Pak Kepala Sekolah segera menghambur ke arahnya, menutup mulutnya, meraih sembarang kertas-kertas di mejanya untuk menyumpal mulut Siti. Mulut Siti terasa sakit karena terlalu banyak kertas dijejalkan ke dalamnya. Siti berusaha memberontak, memukul-mukul, menggeliat, menendang-nendang, tetapi Pak Kepala sekolah begitu kuat, mencengkeram tangannya, mengangkat tubuhnya, dan membantingnya ke lantai. Siti kesakitan, tapi teriaknya tertahan sumpalan kertas-kertas.

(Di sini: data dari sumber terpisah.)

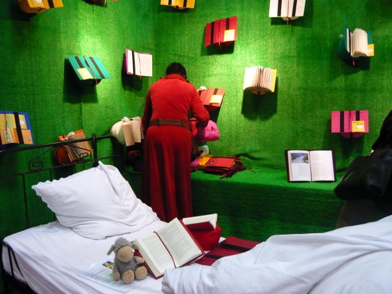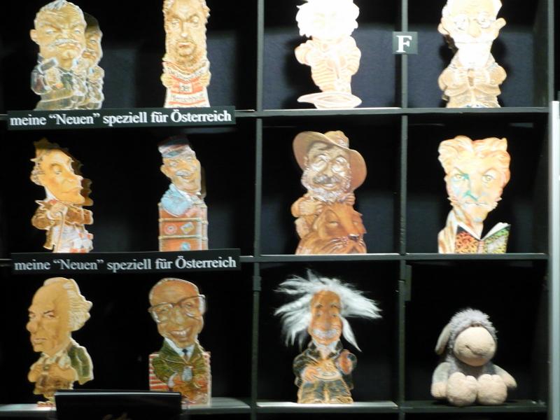 Paperblanks hatte einen ganzen Stand, Sony eReader wurden in schickem Ambiente präsentiert, Hörbücher (Audiamo & der Hörverlag) waren vertreten und eine große Messebuchhandlung gab es auch. Gefreut hat mich persönlich, dass Leselotte einen Stand hatte und besonderen Spaß hatte ich an den Karikaturen-Buchstützen; sehr genial! 🙂

Siti terbaring terlentang di ubin putih yang dingin menusuki punggungnya. Tubuhnya tetap meronta-ronta, meskipun sia-sia. Pak Kepala Sekolah melepas dasi dan memakai dasinya untuk mengikatkan tangan Siti ke kaki meja. Siti tetap memberontak, tetap sia-sia.
Pakaiannya, perawannya, harga dirinya, pendidikannya, dan masa depannya, dilucuti habis sekaligus oleh Pak Kepala Sekolah, yang sejak ibu Siti menjanda, gigih mengejar dan menggodanya, tetapi selalu gagal dan ditolak.